Department of Pediatrics, UCSF, San Francisco, CA, USA.
Bakar Computational Health Sciences Institute, UCSF, San Francisco, CA, USA.
Sci Rep. 2021 Jun 10;11(1):12310. doi: 10.1038/s41598-021-91625-1.
The novel SARS-CoV-2 virus emerged in December 2019 and has few effective treatments. We applied a computational drug repositioning pipeline to SARS-CoV-2 differential gene expression signatures derived from publicly available data. We utilized three independent published studies to acquire or generate lists of differentially expressed genes between control and SARS-CoV-2-infected samples. Using a rank-based pattern matching strategy based on the Kolmogorov-Smirnov Statistic, the signatures were queried against drug profiles from Connectivity Map (CMap). We validated 16 of our top predicted hits in live SARS-CoV-2 antiviral assays in either Calu-3 or 293T-ACE2 cells. Validation experiments in human cell lines showed that 11 of the 16 compounds tested to date (including clofazimine, haloperidol and others) had measurable antiviral activity against SARS-CoV-2. These initial results are encouraging as we continue to work towards a further analysis of these predicted drugs as potential therapeutics for the treatment of COVID-19.

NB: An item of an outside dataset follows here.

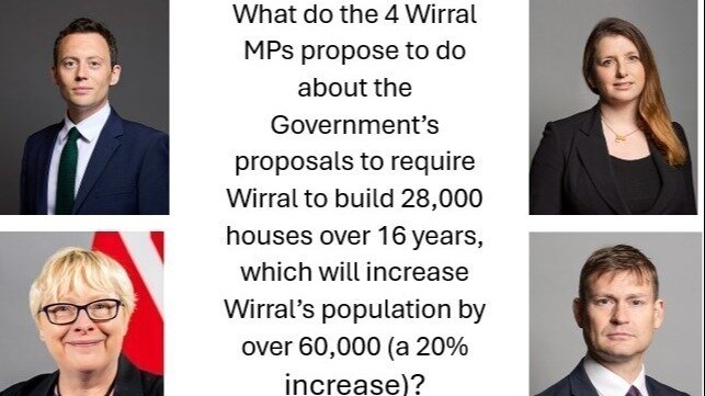 An Open Letter, emailed today, to the 4 Wirral MP’s, from the Wirral Green Space Alliance, regarding the Government’s Proposals to require the Wirral to build 28000 houses increasing the population by 20% (60,000)

新型严重急性呼吸系统综合症冠状病毒 2 型(SARS-CoV-2)于 2019 年 12 月出现,目前针对它的有效治疗方法较少。我们应用一种计算药物重定位的方法,针对从公开数据中获得的 SARS-CoV-2 差异基因表达谱进行分析。我们利用三个独立的已发表研究,获取或生成对照和 SARS-CoV-2 感染样本之间差异表达基因的列表。使用基于排序的模式匹配策略(基于柯尔莫哥洛夫-斯米尔诺夫统计量),对来自 Connectivity Map(CMap)的药物谱进行查询。我们在 Calu-3 或 293T-ACE2 细胞中的活 SARS-CoV-2 抗病毒测定中验证了我们的前 16 个预测命中。在人类细胞系中的验证实验表明,迄今为止测试的 16 种化合物中的 11 种(包括氯法齐明、氟哌啶醇等)对 SARS-CoV-2 具有可测量的抗病毒活性。这些初步结果令人鼓舞,因为我们继续进一步分析这些预测药物,作为治疗 COVID-19 的潜在疗法。